─── MATERIAL FOR THE TASK
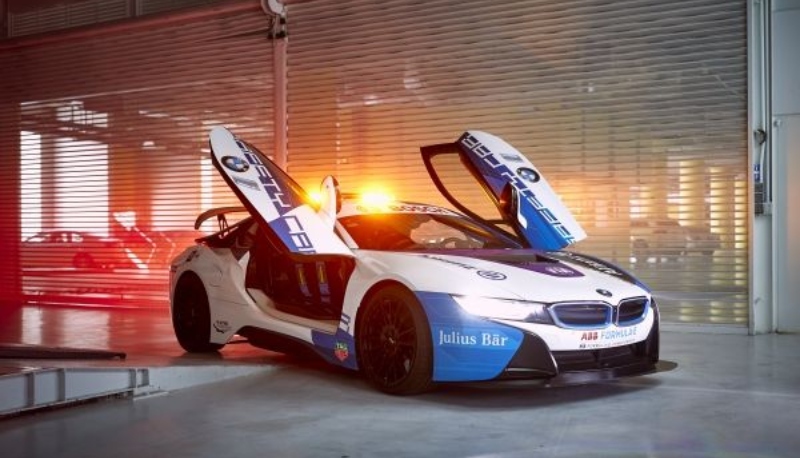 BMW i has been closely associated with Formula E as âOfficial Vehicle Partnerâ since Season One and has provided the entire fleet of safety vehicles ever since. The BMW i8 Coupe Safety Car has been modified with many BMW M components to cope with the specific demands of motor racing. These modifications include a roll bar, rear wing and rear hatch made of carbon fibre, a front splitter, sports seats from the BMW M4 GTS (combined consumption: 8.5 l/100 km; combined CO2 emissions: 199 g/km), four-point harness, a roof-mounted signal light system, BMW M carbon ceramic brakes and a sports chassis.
──────
─── MATERIAL FOR THE TASK
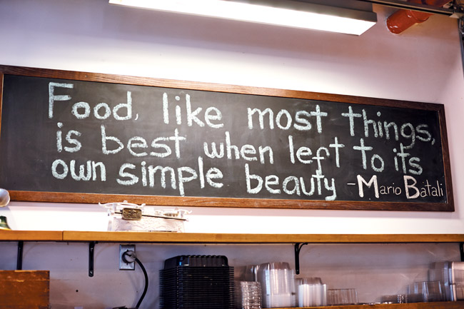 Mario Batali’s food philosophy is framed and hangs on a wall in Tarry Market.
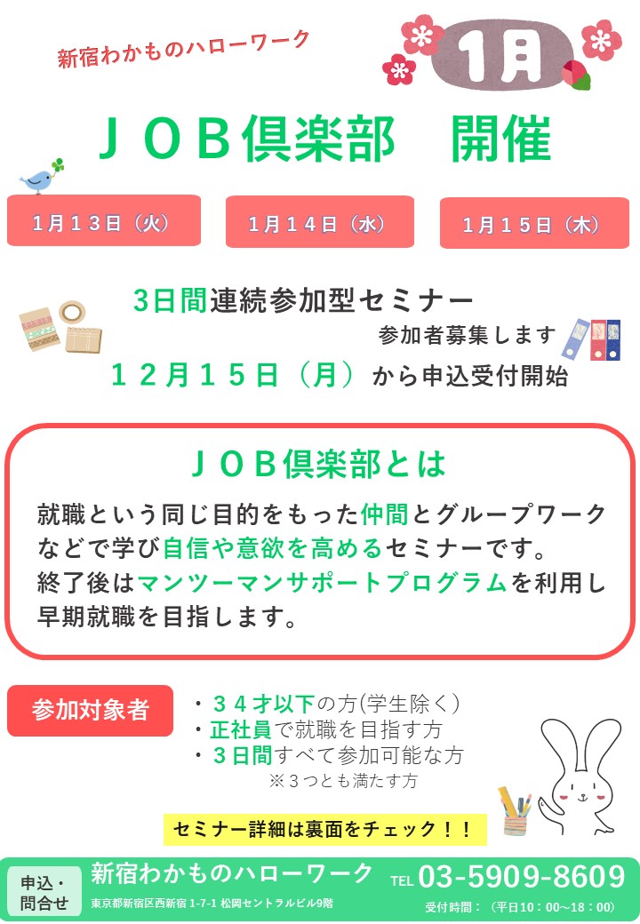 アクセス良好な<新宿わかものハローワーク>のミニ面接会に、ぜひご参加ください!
──────
[WORK ITEM]
Look above for the line with "Mario Batali’s food" and the line with "アクセス良好な<新宿わかものハローワーク>のミニ面接会に、ぜひご参加ください!"; set down those two lines and all lines between them exactly, without pictures and without anything else.

[ANSWER FOR THE TASK]
 Mario Batali’s food philosophy is framed and hangs on a wall in Tarry Market.
 アクセス良好な<新宿わかものハローワーク>のミニ面接会に、ぜひご参加ください!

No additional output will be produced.